First-year students spend more time at home than on campus

First-year students of Mathematics and Statistics hardly visit the campus. For other students, there is a tailored approach that differs per programme.
A barn at Unifarm has been temporarily transformed into a lecture hall in preparation for a field trip, photo Albert Sikkema

First-year International Development Studies have mathematics and an introductory course in period 1. This brings them to campus for just three hours a week to follow small-scale seminars. In period 6, when there is no maths programme, they are expected on campus for six hours a week to follow small-scale interactive courses. Note: the mathematics lecturers also provide interactive courses, but these are online.
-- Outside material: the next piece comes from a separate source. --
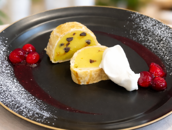 チョコチップのほどよい甘さと食感がアクセントになる、軽やかなデザートパイです。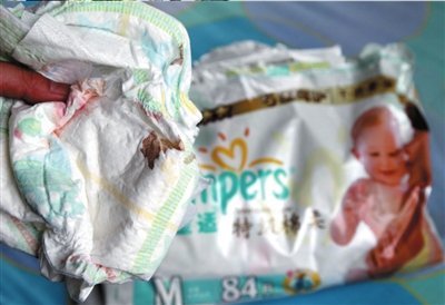新幫寶適紙尿褲上現(xiàn)紅色污跡。(實習記者 王德陽 攝)

First-year students of Nutrition and Health follow a similar pattern. First, their programme consists of Statistics (online) and an introductory course that requires them to be present on campus for approximately four hours per week. The following period they are present on campus for two half-days for practicals and workgroups. Programme coordinator Rolf Marteijn stresses that the corona measures make planning education quite a challenge. One week they may have practicals every day, followed by several weeks without.

Field trips

The nature programmes have dealt with the corona measures smartly by setting up field trips fort he first-year students in the coming months. Thus, they can service larger groups with interactive teaching. A barn at Unifarm has been transformed into a lecture hall for introductions (coats recommended) and teachers have been equipped with walkie-talkies, allowing them to provide instruction outside at a suitable distance, says programme director Gijs Elkhuizen.


The development of blended practicals is currently underway. This could mean a student carries out a chemistry-practical on campus, while a fellow student follows the proceedings through live stream. A similar approach is also possible for field trips. A huge advantage is that it allows the facilitation of students that are unable to be present on campus, says Ulrike Wild, programme director Online Learning.


These developments lead to many variations within and between programmes. ‘Everything is tailored, and, therefore, different’, days Fred Jonker, who is responsible fort he teaching schedules. For those wanting to know precisely what the new programmes look like, further details can be found on the intranet.